Department of Computer Engineering, Yildiz Technical University, 34220 Istanbul, Turkey.
IT Department, Garanti Technology, 34212 Istanbul, Turkey.
Sensors (Basel). 2017 Jun 23;17(7):1487. doi: 10.3390/s17071487.
Automatic detection of fall events is vital to providing fast medical assistance to the causality, particularly when the injury causes loss of consciousness. Optimization of the energy consumption of mobile applications, especially those which run 24/7 in the background, is essential for longer use of smartphones. In order to improve energy-efficiency without compromising on the fall detection performance, we propose a novel 3-tier architecture that combines simple thresholding methods with machine learning algorithms. The proposed method is implemented on a mobile application, called uSurvive, for Android smartphones. It runs as a background service and monitors the activities of a person in daily life and automatically sends a notification to the appropriate authorities and/or user defined contacts when it detects a fall. The performance of the proposed method was evaluated in terms of fall detection performance and energy consumption. Real life performance tests conducted on two different models of smartphone demonstrate that our 3-tier architecture with feature reduction could save up to 62% of energy compared to machine learning only solutions. In addition to this energy saving, the hybrid method has a 93% of accuracy, which is superior to thresholding methods and better than machine learning only solutions.

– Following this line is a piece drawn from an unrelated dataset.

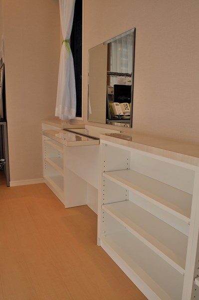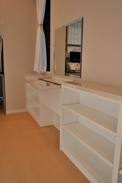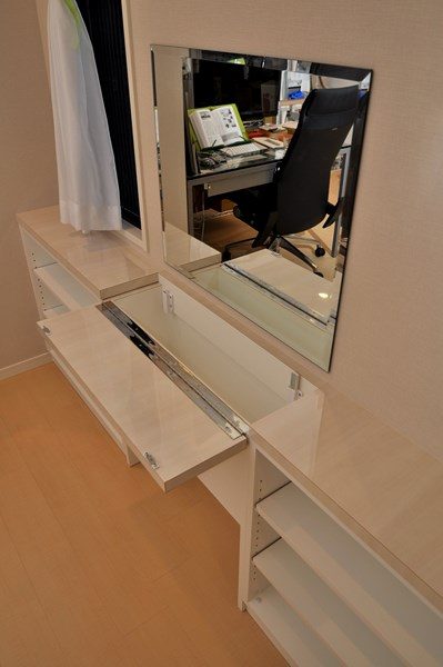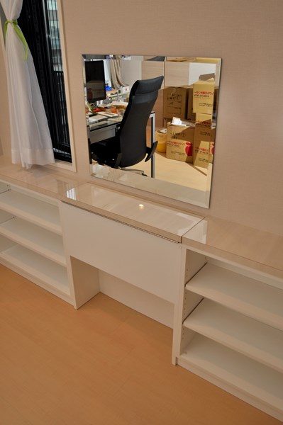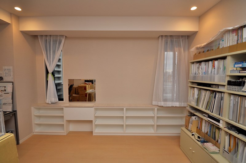 造作内容の特徴は、本棚の中に簡易ドレッサー部分を設けたところでしょうか。

自动检测跌倒事件对于为事故受害者提供快速医疗援助至关重要,尤其是当受伤导致失去意识时。优化移动应用程序的能耗对于延长智能手机的使用时间非常重要,特别是那些 24/7 都在后台运行的应用程序。为了在不影响跌倒检测性能的情况下提高能效,我们提出了一种新的三层次架构,将简单的阈值方法与机器学习算法相结合。所提出的方法在一个名为 uSurvive 的移动应用程序上实现,适用于 Android 智能手机。它作为后台服务运行,监控日常生活中一个人的活动,并在检测到跌倒时自动向适当的当局和/或用户定义的联系人发送通知。所提出的方法的性能是根据跌倒检测性能和能耗来评估的。在两款不同型号的智能手机上进行的实际性能测试表明,与仅使用机器学习的解决方案相比,我们的具有特征减少功能的三层架构可以节省高达 62%的能源。除了节省能源之外,混合方法的准确率达到了 93%,优于阈值方法,也优于仅使用机器学习的解决方案。